Nowadays this can be caused by mixed lighting- light striking the subject from two or more sources where the is a vast differential in color temperature or spectral content. Perhaps another light source such as fluorescent was nearby and is influenced the color balance toward the green.
I do a ton of product photography and every now and again I run into certain materials that seem to be incomparable with the photographic process. There are many fabrics and polymers that contain ultraviolet brighteners that make them appear super white or "day-glow" to the naked eye but fluoresce under light sources with high ultraviolet content such as daylight and electronic flash. Oftentimes the color shift is toward the blue/cyan but I have greenish and turquoise tints. This is rare in digital work- it was more prevalent with color film but you might try a UV or skylight filter.

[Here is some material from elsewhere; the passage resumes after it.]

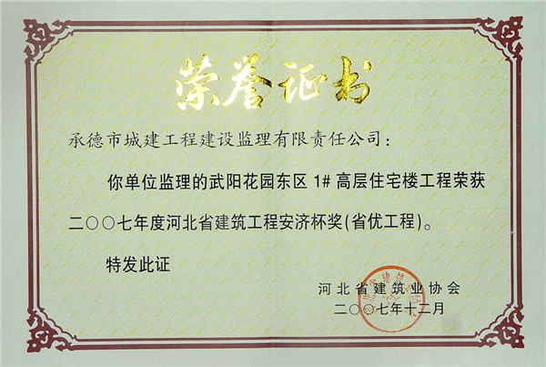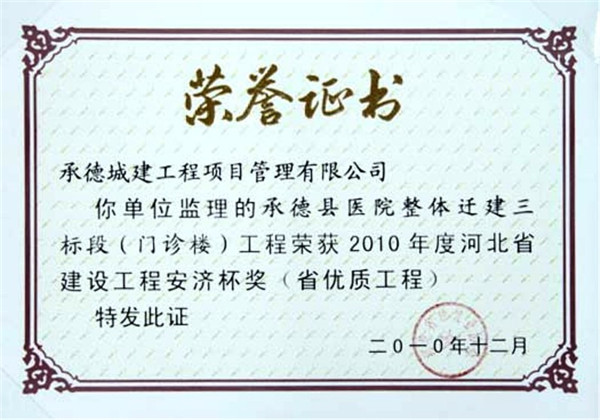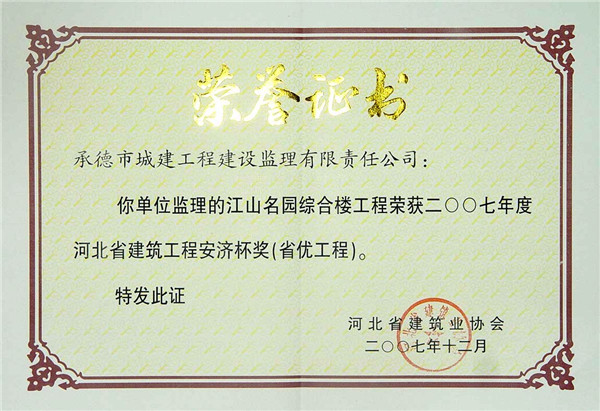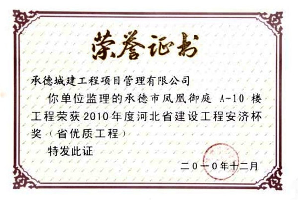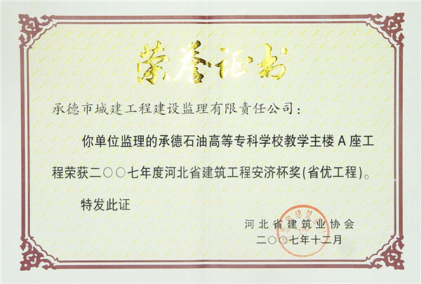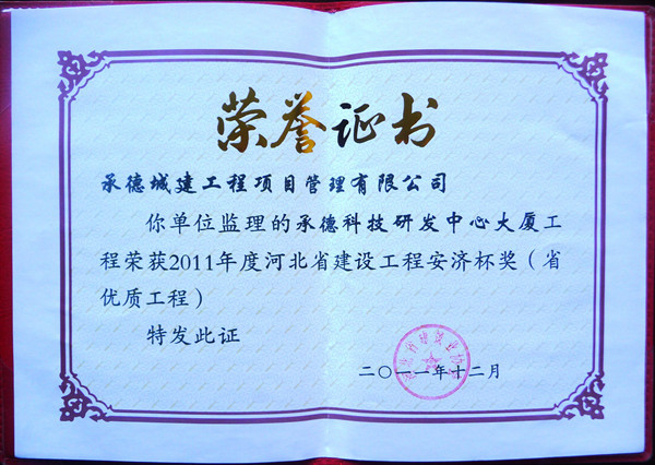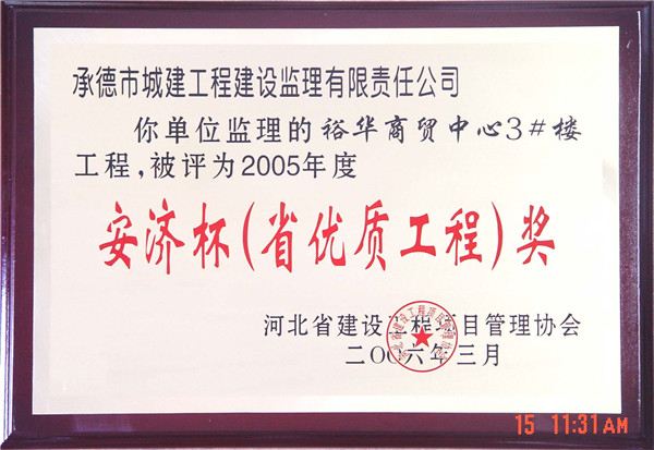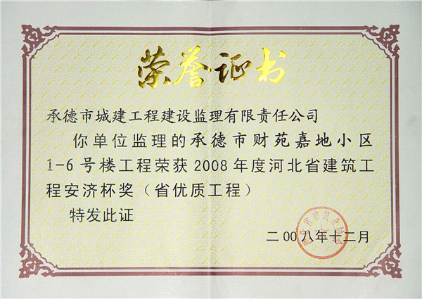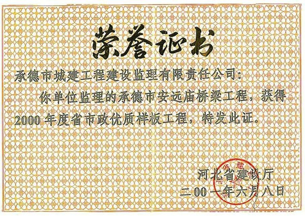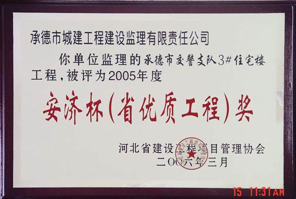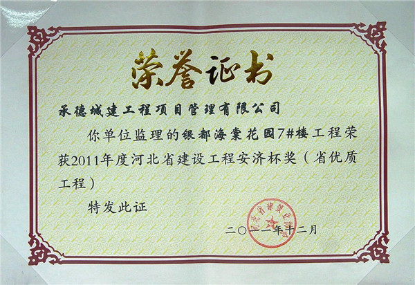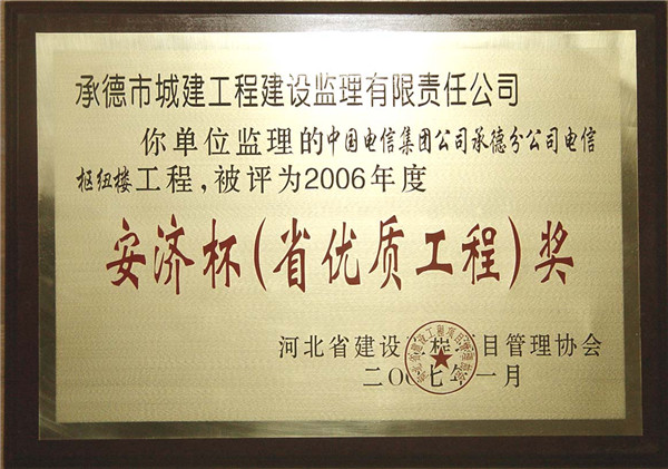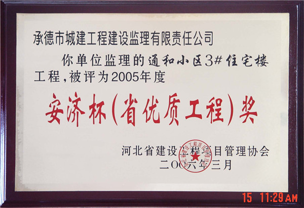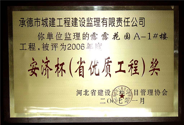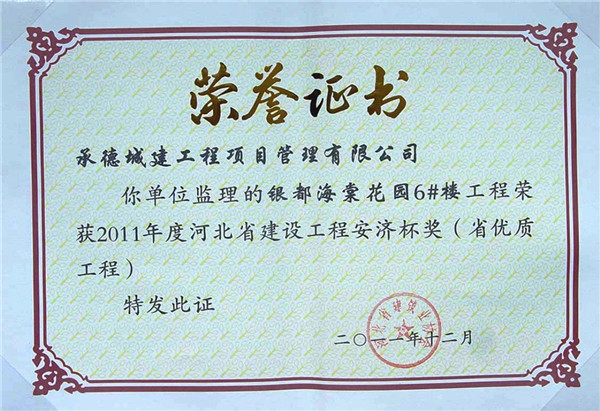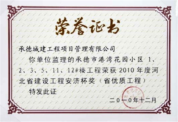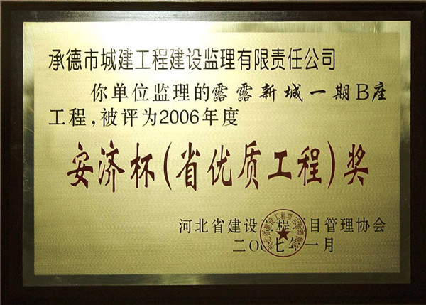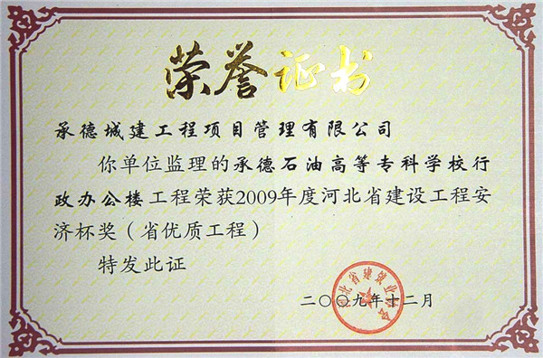 省級(jí)榮譽(yù)——優(yōu)質(zhì)工程

Of course, it is difficult to troubleshoot or diagnose a problem like this without a color test target and making certin that everything in you system is properly calibrated. I just assumed that the carpet that shows in the background of you image is kinda neutral and went on from there. I pumped in enough magenta to set the carpet on fire but there is still a greenish tint in the product. If this is some kinda anomaly in the material, the only remedy is local color correction in post processing. I de-saturated the color and and reduced the structure- see attached image.
If this does not occur with othere subject, there is probably nothing wrong with your system.